Diagram strategy (recommended)

Keep diagrams minimal and operationally useful:

Context overview
End-to-end flow with controls
Dataflow processing view (1 or 2 diagrams)
Cloud Functions view (1 or 2 diagrams)
Hybrid storage model (BigQuery + Lakehouse/Iceberg)

When to split diagrams:

Dataflow (1 vs 2): use one when stream and batch/replay share most transforms; use two when windowing, dedup, contracts, or sinks differ materially.
Cloud Functions (1 vs 2): use one when ingestion and trigger handlers are simple and coupled; use two when they are independent deploy/ownership units.

Canonical templates:

Architecture Vocabulary (Scope Clarification)

Architecture patterns: Event-driven, batch/stream hybrid, Medallion, selective Kappa/Lambda.
Cross-cutting patterns: Data contracts, schema evolution, idempotency, deduplication, quality gates, replay.
Organizational model: Data Mesh (team/domain ownership), optional for this personal repo.
Services: Cloud Functions, Pub/Sub, Dataflow, BigQuery, GCS, BigLake.
Formats: JSON/NDJSON, Avro, Parquet.
Table formats: BigQuery native tables, Apache Iceberg (primary external table format), Delta/Hudi only when interoperability requires them.

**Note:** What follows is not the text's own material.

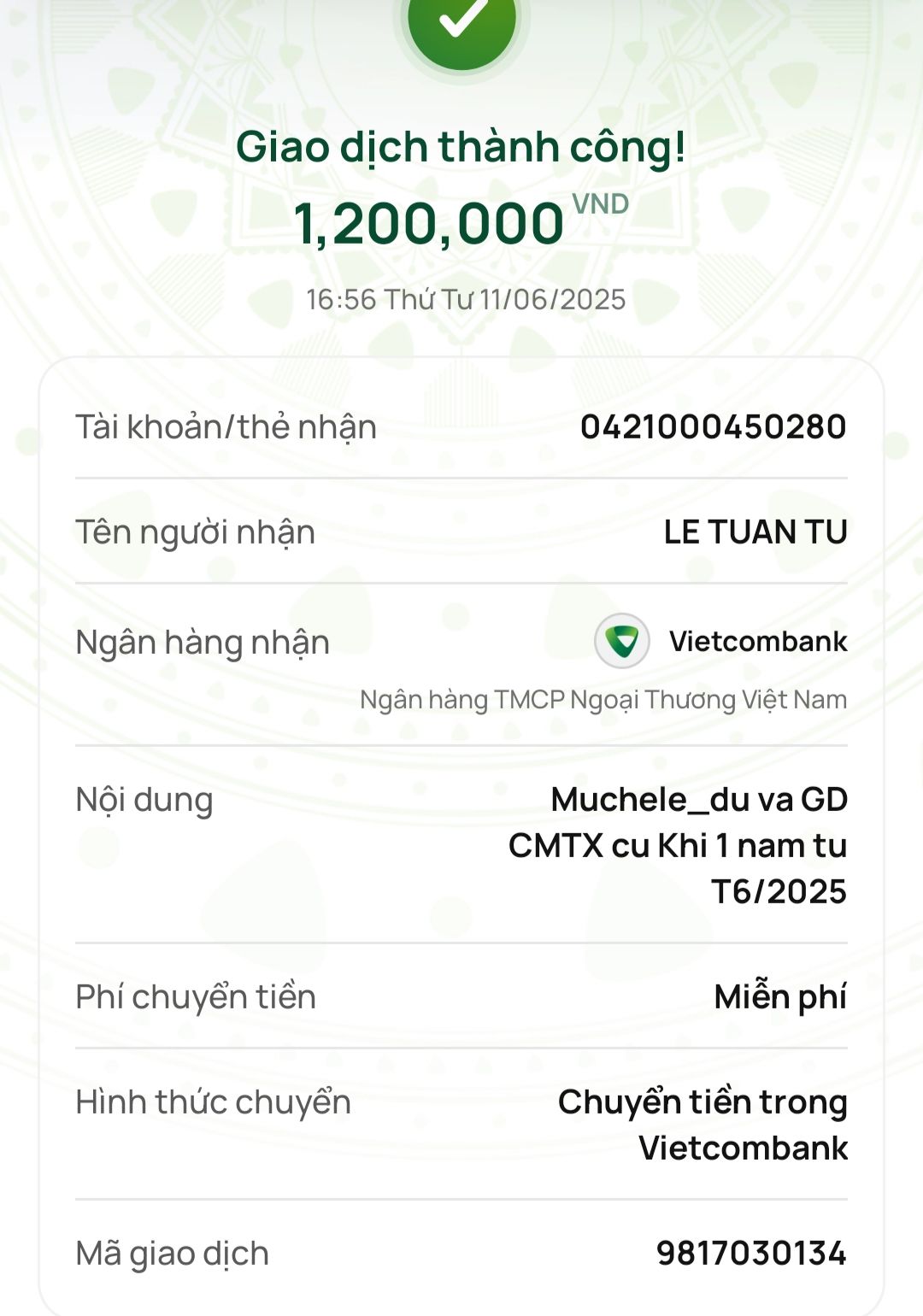 Bạch Liên và chị Trang đã chuyển tiền CMTX Cụ Khị 6 tháng kể từ tháng 12/2025  tới @letuantu .
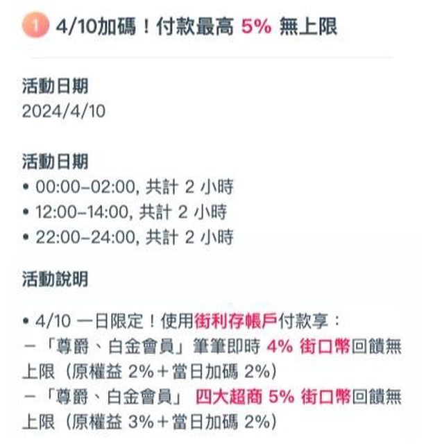 標題[資訊] 4/10 日本刷街口(可能) 最高5%無上限

Minimum patterns (must-have)

Data Contracts + Schema Evolution Contract versioning (schema_version) and compatibility policy (backward/forward) per source.
DLQ + Replay/Backfill Invalid records route to DLQ with reason codes and deterministic replay path.
Idempotency + Deduplication Stable event keys (for example event_id) and explicit dedup windows or merge keys.
Data Quality Gates Checks at Bronze -> Silver and Silver -> Gold boundaries.
Observability + SLO Track latency, error rate, freshness, and processed volume.
Orchestration Cloud Scheduler and/or Workflows for batch runs, backfills, and re-runs.
CDC pattern (conditional) Add only when transactional database sources are in scope.
Governance PII classification, retention policy, and dataset/table access controls.

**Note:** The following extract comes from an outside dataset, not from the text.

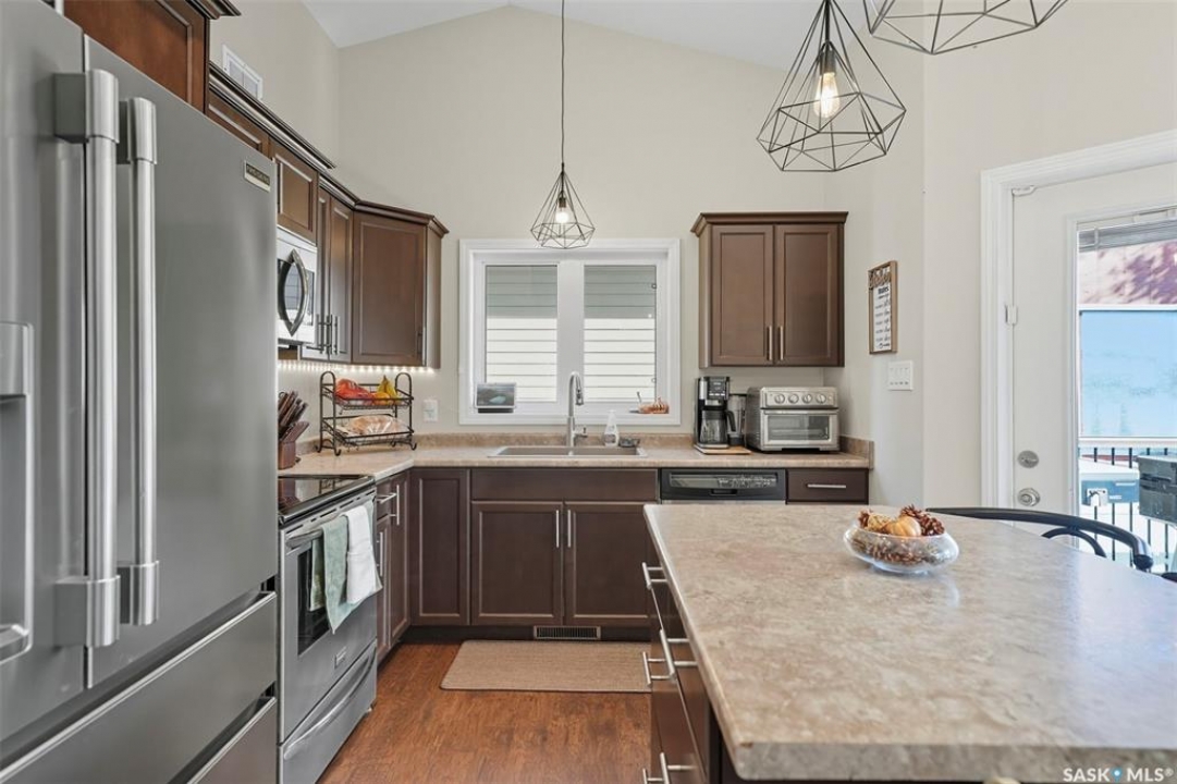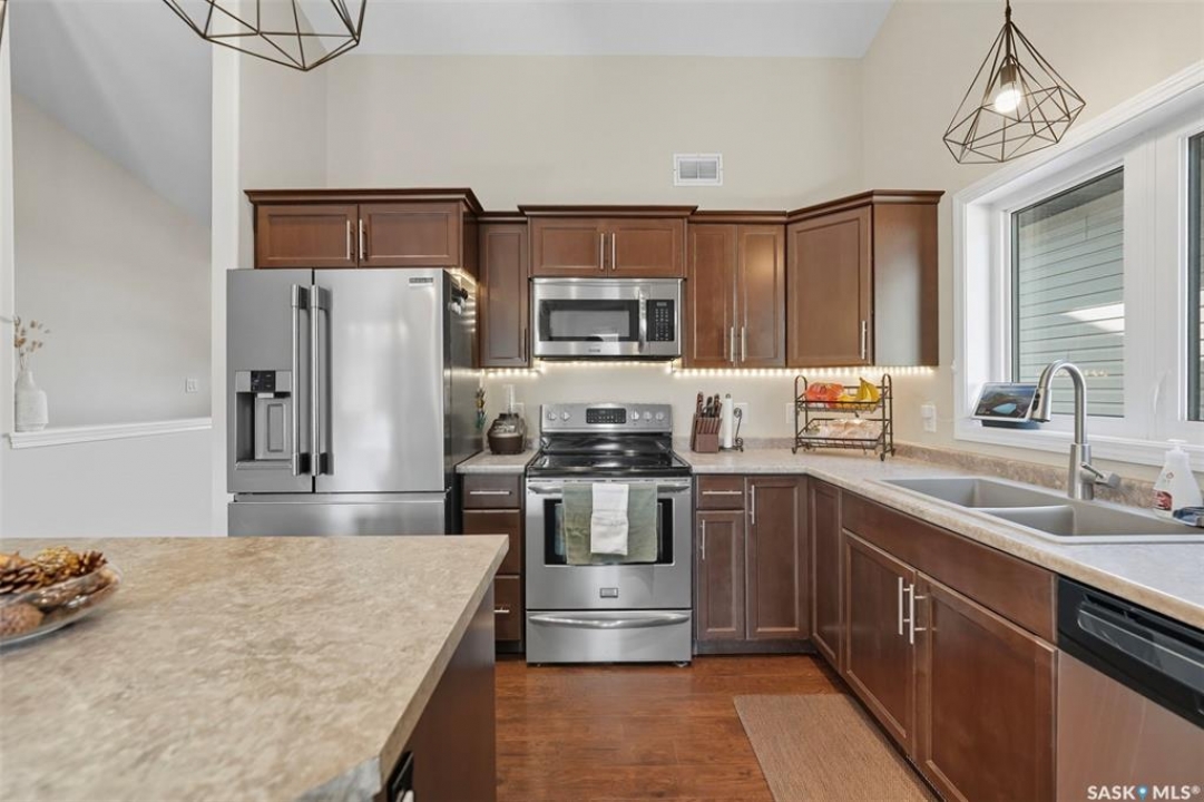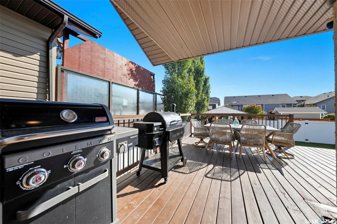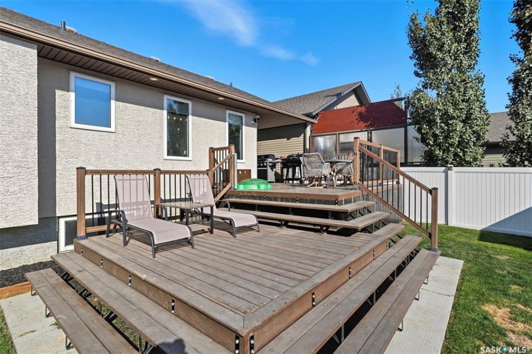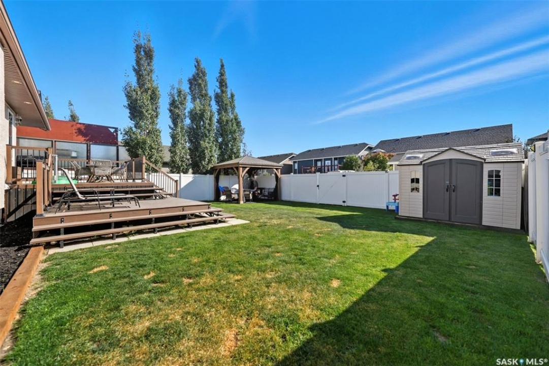 Welcome to this inviting and beautifully maintained 4-bedroom, 3-bathroom raised bungalow offering over 2,200 sq. ft. of finished living space- designed for family living. Updated inside and out, this home is move-in ready and perfect for families or anyone who loves to entertain. The main floor features 3 generously sized bedrooms, including a primary suite with walk-in closet, as well as its own three-piece en-suite bathroom for added privacy and comfort. A beautifully updated main bathroom and the convenience of upstairs laundry make everyday living that much easier. The bright and welcoming living area is highlighted by charming feature walls that add warmth and character, while the kitchen flows seamlessly into the dining space and out to the back deck. With a natural gas BBQ hook-up, it's the perfect spot for family meals and summer gatherings. Downstairs, you'll find a fully finished basement which provides even more space with the perfect hangout spot. Including, a large utility room for ample storage, a spacious and cozy family room, large 4th bedroom, full bathroom completed with an oversized shower and a newly added dry bar that's ideal for entertaining friends or having cozy family movie nights. Outside, the home shines with a fully vinyl fence and landscaped yard- ready for kids and/or pets. The private backyard is an ideal retreat for relaxing or hosting- complete with refreshed landscaping, a refinished deck, a gazebo for shade, and a shed for extra storage. The heated garage provides plenty of storage, as well as year-round convenience and comfort- especially during our cold winters. Updates throughout—including the bathrooms, laundry room, and outdoor spaces—ensure this home completely move-in ready. This home blends comfort, style, and functionality in a family-friendly neighbourhood and is walking distance to all amenities including the Golf Course. This is the kind of home where family memories are made- don't miss the chance to make it yours!
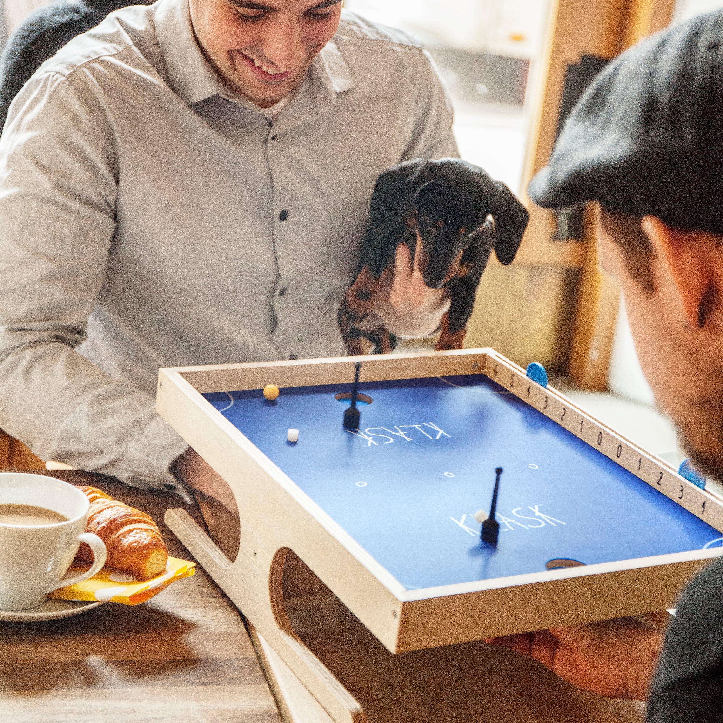 Klask is a fun magnetic game where the players challenge each other in a battle that can get loud and exciting!

GCP implementation mapping

Pattern	Typical GCP implementation
Data contracts + schema evolution	JSON schema in repo, Pub/Sub schema validation (when applicable), BigQuery schema versioning strategy
DLQ + replay/backfill	Pub/Sub dead-letter topics/subscriptions, Dataflow error side outputs, replay jobs via Dataflow batch
Idempotency + deduplication	Cloud Function idempotency keys, Dataflow key/window dedup, BigQuery merge keys
Data quality gates	Validation transforms in Dataflow, SQL checks in BigQuery, quality checks at Bronze->Silver and Silver->Gold
Observability + SLO	Cloud Logging structured logs, Cloud Monitoring metrics/alerts, error budget/SLO dashboards
Orchestration	Cloud Scheduler + Workflows for schedules, retries, backfills, and re-runs
CDC pattern (conditional)	Datastream (or source-native CDC) + Dataflow/BigQuery ingestion path
Governance	BigQuery IAM policies, dataset/table ACLs, retention configuration, data classification and catalog metadata

Optional patterns

Data Mesh Organizational scaling pattern; useful if multi-team ownership emerges.
Databricks/Delta interoperability Keep optional for cross-platform use cases; not core for current GCP-first runtime.

Repository model

Public repo (cloud-landerox-data): reference architecture, patterns, templates, and shared engineering practices.
Infrastructure repo (Terraform, separate): GCP provisioning and environment setup.
Private runtime repos (optional): production pipeline logic, environment-specific deployments, and sensitive operational details.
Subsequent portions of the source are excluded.